Also, we know that since other mammals live a lot shorter lives, reprogramming us to live much longer lives is probably possible.

Conclusion : you think you’re going to be dead before any of the stuff we’re talking about matters. So in a way, you’re right. In the reality you will live to see, none of these things are real.

Sadly, we’re still mostly the angry, hateful, spiteful, covetous and greedy hairless apes that we’ve always been.

Until that changes, the global effort required for interstellar travel is probably not going to happen. Too busy trying to figure out better ways of killing each other.

IMHO, God did not leave us stranded, and we will be ‘spaceborne’ as in Rev 12:1-5, the birth of the body of Christ into the heavens (outer space) as us parts of the body of Jesus (1 Cor 12:27).

Warp drive of some sort (hyper, jump, improbability, etc.) is our destiny.

I thought you were going to give it up? All I’m seeing is angry space cadet is angry.

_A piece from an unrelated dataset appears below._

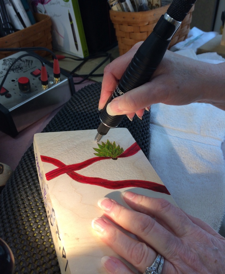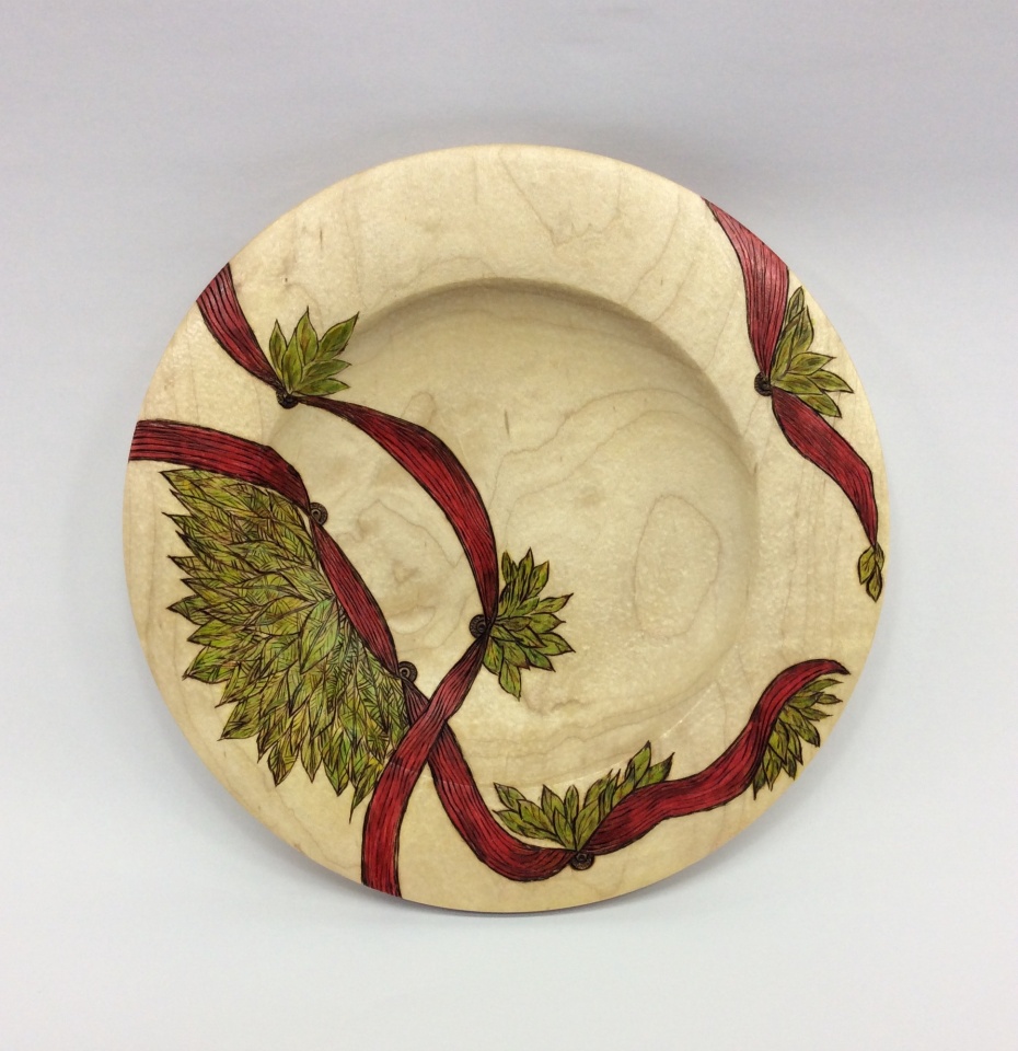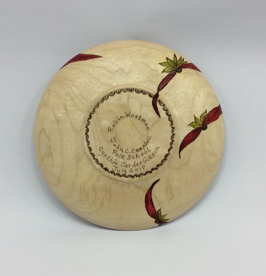 This is an 8" soft maple platter turned by my hubby (Charlie Wortman) and embellished by me. Embellishments include pyrography, acrylic paint, and India ink. I created a "hammered" texture on all non burned or painted surfaces with a reciprocating tool and finished with 1 coat wipe on poly, buffed, and then finished out with a little Ren wax and final buffing. This would not be possible without the fabulous tutelage from Cynthia C. Gibson at John C. Campbell Folk School this summer.

Keep the snarky comments out of here.

I’d say technically no depending on point of view

It is a non return mission, if you find no place that is livable, well eventually the trip is over. you can not live in a space ship forever, eventually you have recycled everything so much there is nothing left.
Also, it’s one of those “If anything breaks you’re F’d” things
Make it out past the solar system and lose engines, “Say good night Gracie”
Have any kind of major mechanical or structural failure and game over, no intergalactic tow truck to come tow you home.
We know moving objects in our own little corner of space, out there though? You could get plowed by a chunk of something that comes out of no where, or get blasted by some
burst of radiation making its way across the universe etc.

And lots of other things.

So yea i would say most people will call it suicidal for a very very long time.
Going to the moon was a suicide mission to most people at the time.
You asked would it be considered suicidal, not would it be impossible.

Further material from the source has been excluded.